Ok. Problem somewhere between the terminal through to the tweeter itself.
_Very_ strange if all 3 had the same issue, given the center is another model.
With the wires still connected to the top of the left speaker, twist the knobs just to make sure "open" is open and "closed" is closed.
Were these bought new?

cheers


----------



## robsong (Apr 3, 2010)

Yes NIB. With it open no sound when I close it I get sound with terminals connect top posts.


----------



## ajinfla (May 10, 2009)

Sorry, cross posting, I now see your center is ok.
The Q900s are operating sans tweeter.
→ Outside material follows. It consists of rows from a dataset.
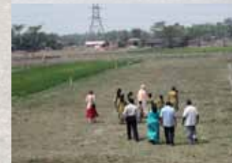
The land where the center is being built.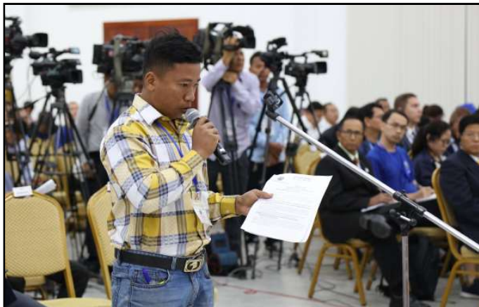
ភាគីពាក់ព័ន្ធមានចំណាប់អារម្មណ៍ និងសំណួរក្នុងកិច្ចប្រជុំ

ដំណើរការលូនល្អ និងប្រកបដោយសន្តិសុខ និងសុវត្ថិភាព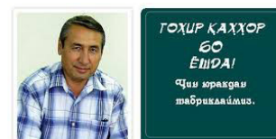
(Материаллар атоқли ўзбек шоири Хуршид Давроннинг Фейсбугдаги саҳифасидан олинди.)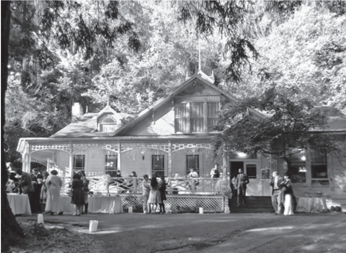
Свадебные церемонии в парке заказывают за год вперед. Stern Grove 7 октября 2012 г.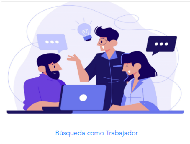
Búsqueda como Trabajador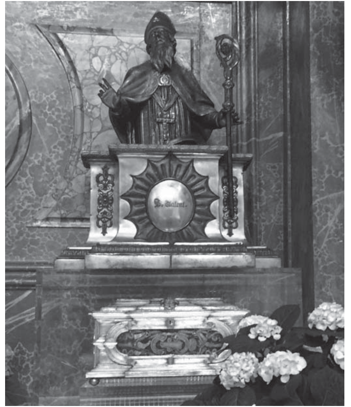
Reliquienschrein des Hl. Valentin im Passauer Dom

Einen Beitrag zur Biographie des Hl. Va-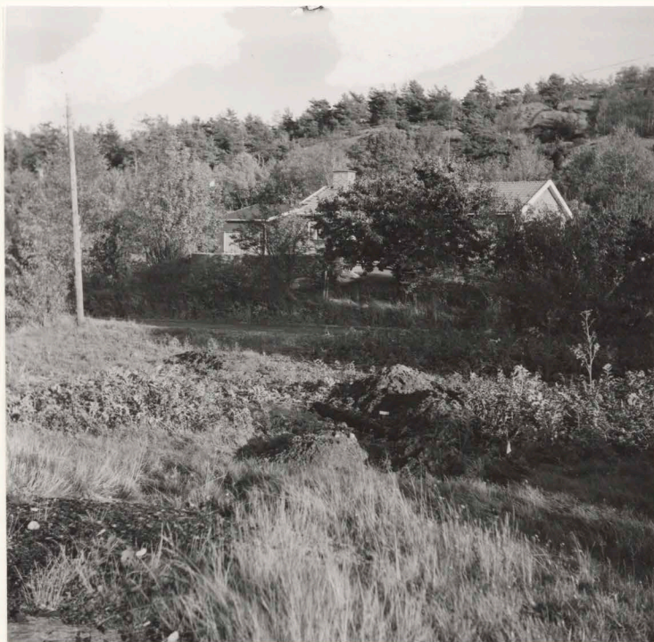
Schaktet på 14:S 69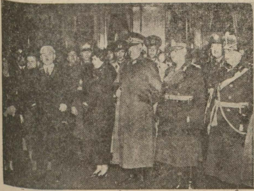
Mareşal Fevzi Çakmağın Bükreşte alınmış resmi

Balkan devletleri erkânı harbiye reisleri İstanbul- da umumî bir toplantı yapacaklardır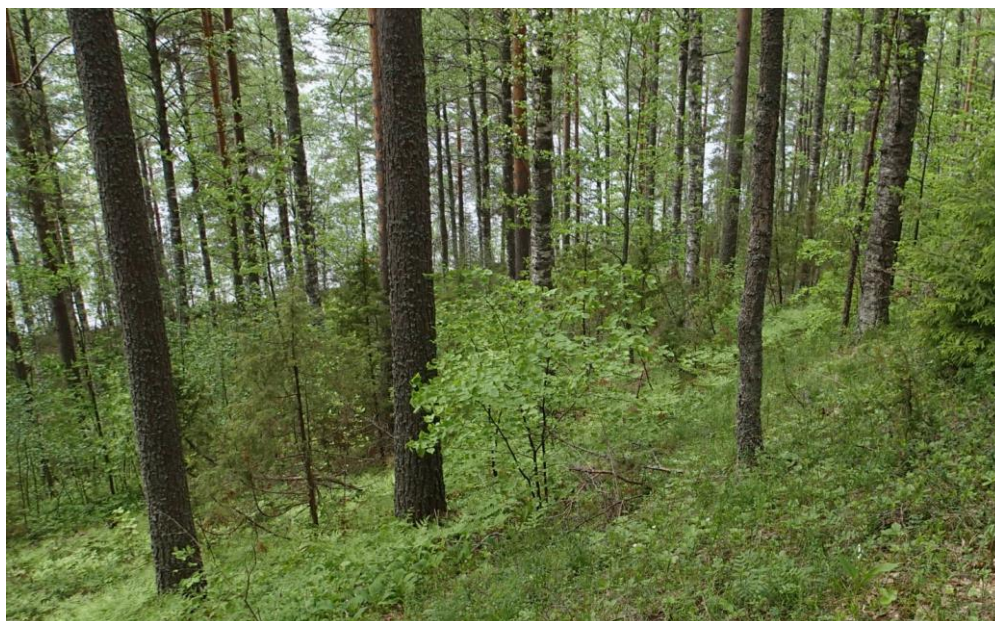
Kuva 3. Suunnittelualan luonnonympäristöä.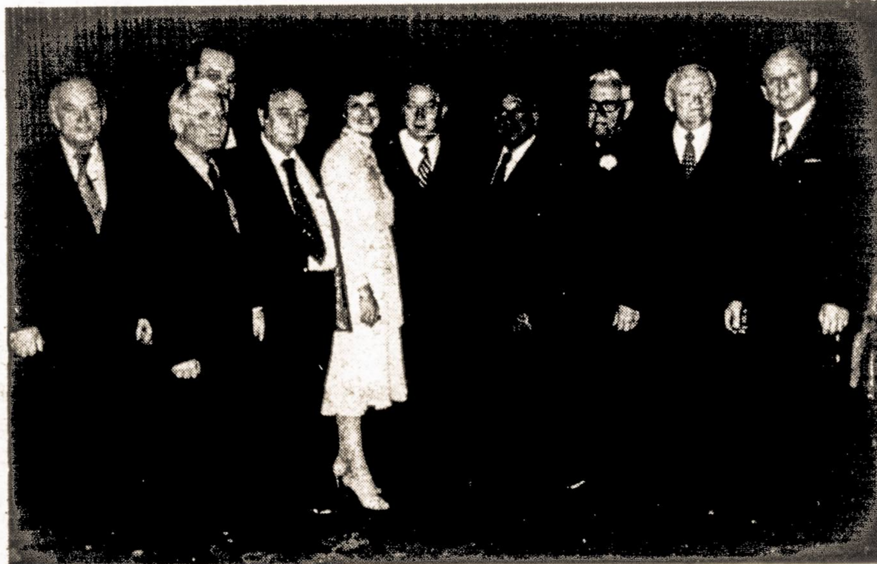
ALTO naujoji Centro Valdyba.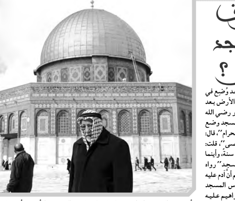
المسجد الأقصى أحد ثلاثة مساجد إليها تُشدُّ الرجال: أجمع أهل العلم على استحباب

اللهم اني عبدك ابن عبدك ابن أمك ناصيتي بيدك، ماض في حكمك، عدل في قضاؤك، أسألك بكل اسم هو لك سميت به نفسك أو أنزلته في كتابك، أو علمته أحدا من خلقك أو استأثرت به في علم الغيب عندك أن تجعل القرآن ربيع قلبي، ونور صدري، وجلاء حزني وذهاب همي، والعجز اللهم اني أعوذ بك من الهم والحزن، والعجز والكسل والبخل والجبن، وضلع الدين وغلبة الرجال.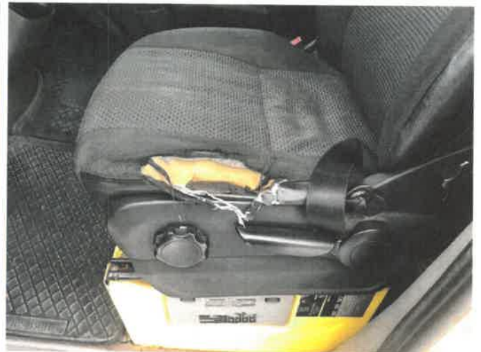
Fot. 14 IMG_4271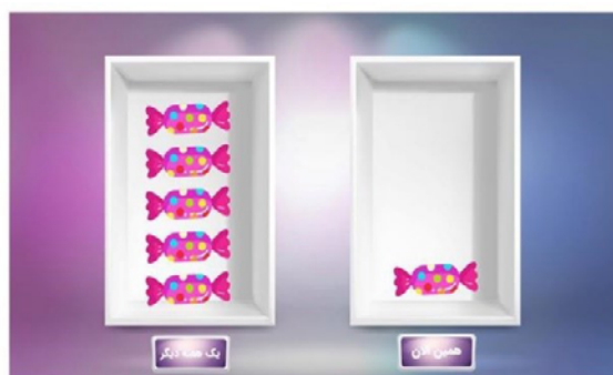
مجله روان‌پزشکی و روان‌شناسی بالین ایران

با هر بار باد شدن بادکنک، ۵۰ تومان پول به ذخیره یک صندوق موقتی اضافه می‌شود. هنگامی که بادکنک بیش از یک مقدار مشخص باد شد، با صدای «پاپ» (پخش از بلندگوهای رایانه) ترکیب و ناپدید می‌شود. هرگاه بادکنکی بترکد، پول ذخیره‌شده در صندوق موقتی از دست می‌رود. شرکت‌کننده می‌تواند در هر مرحله آزمون به جای باد کردن بیشتر بادکنک، با فشردن دکمه دیگری که در صفحه نمایش نشان داده شده است، پول ذخیره‌شده در صندوق موقتی را به صندوق اصلی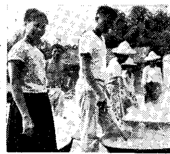
吉田加工製造醬油

大豆耕種技術等，由高雄區農業改良場派員擔任講師，會後並往該鎮埤頂里參觀水稻生產技術綜合示範田栽培。(秋)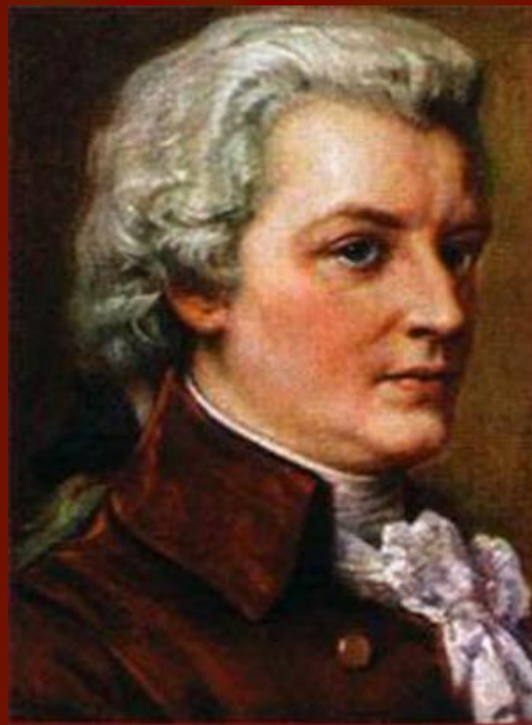
Вольфганг Амадей Моцарт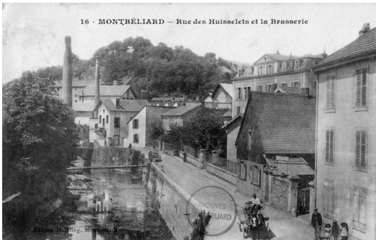
Montbéliard - Rue des Huisselets et la brasserie.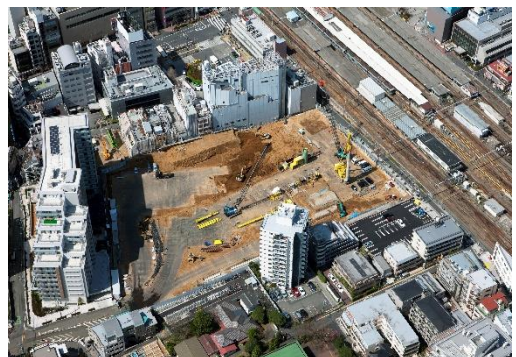
解体後(旧・公社中野住宅)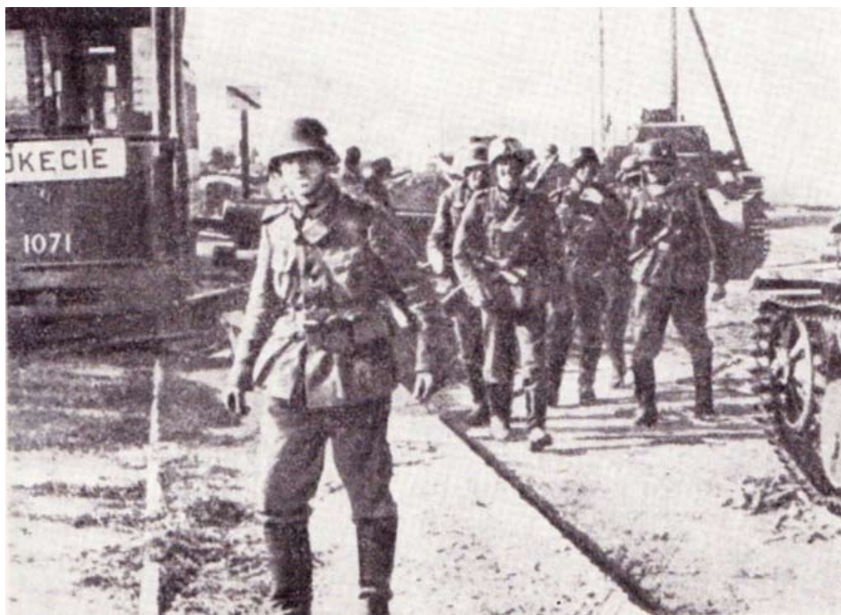
Zdjęcie z książki „Dzieje Ochoty” przedstawia atak Niemców na Ochotę od strony Okęcia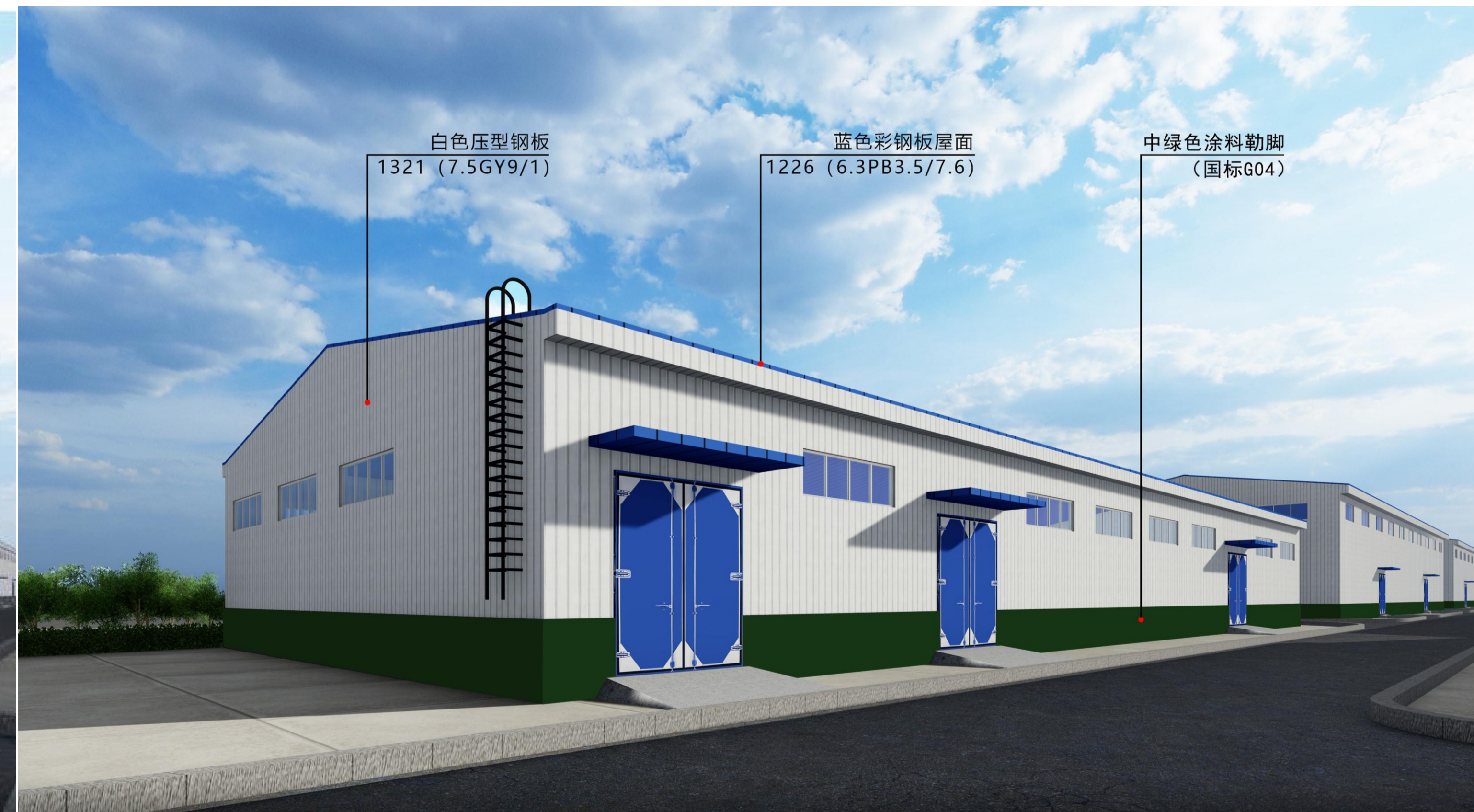
设备库调整后效果图对比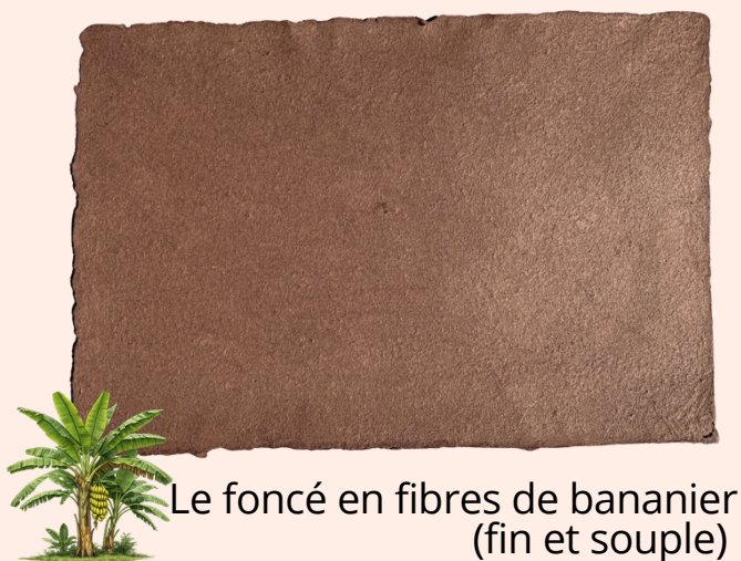
Le foncé en fibres de bananier (fin et souple)

Prenez soin de lui, et ensemble, préservons notre Fenua.

Could be the driver itself, or the connections, including XO.
If you're feeeling up to it:
The XO is usually mounted on the inside of the plate terminal. You could pull the plate. The tweeter wires should come down to it (usually blue) and terminate at push on connectors + and -. With the volume lowered, you could try touching your speaker wires to those connectors, see if any sound comes out of tweeter. Or use a AA battery.
Or call KEF.

cheers


----------



## robsong (Apr 3, 2010)

Is there a video where I can see how this is done thanks guy's for all your help. Looks like I've should have keep my NHT set up. :sad:


----------



## robsong (Apr 3, 2010)

Took a look at the speaker. It's going to be hard to remove the speaker driver to see what's going on inside. Anyone have any ideas how to do this.


----------



## littlejohn74 (Feb 11, 2014)

Measurements aside...
How do the Q900s sound?


----------



## robsong (Apr 3, 2010)

They sound very good. I audition about three speaker's before picking the KEF speakers.


----------



## ajinfla (May 10, 2009)

robsong said:


> Took a look at the speaker. It's going to be hard to remove the speaker driver to see what's going on inside. Anyone have any ideas how to do this.


Hi John,
Sorry, no video. Yes, popping that very snug press fit trim rig around the driver without scuffing the cabinet is tricky business indeed....hence my previous recommendations.
First of course, would be having KEF handle it. They sent a dud. Call 'em. They are a good company.
2nd, pop the back plate terminal. Blue wires.

cheers


----------



## robsong (Apr 3, 2010)

Hi ajinfla,

I removed the plate terminal, connect the speaker wires and got sound out of the speaker.


----------



## ajinfla (May 10, 2009)

By sound out of "speaker", do you mean "tweeter"?
If so, then you issue is with the XO board, or connection to it from upper terminals.
Any reason why this doesn't constitute a return to seller?

cheers


----------



## robsong (Apr 3, 2010)

Yes sound out of the tweeter. I've also been in contact with Jack at KEF. He believes there is an outside factor that is causing this problem and not the speakers. To have three speakers doing the same thing is very rare. His emailing my REW charts to engineering department in U.K., will get answer in about two days.


----------



## ajinfla (May 10, 2009)

robsong said:


> OK I went and did all three *the center is the only one working* per your steps.





robsong said:


> To have three speakers doing the same thing is very rare.


:scratch:



robsong said:


> Yes sound out of the tweeter. I've also been in contact with Jack at KEF. He believes there is an outside factor that is causing this problem and not the speakers.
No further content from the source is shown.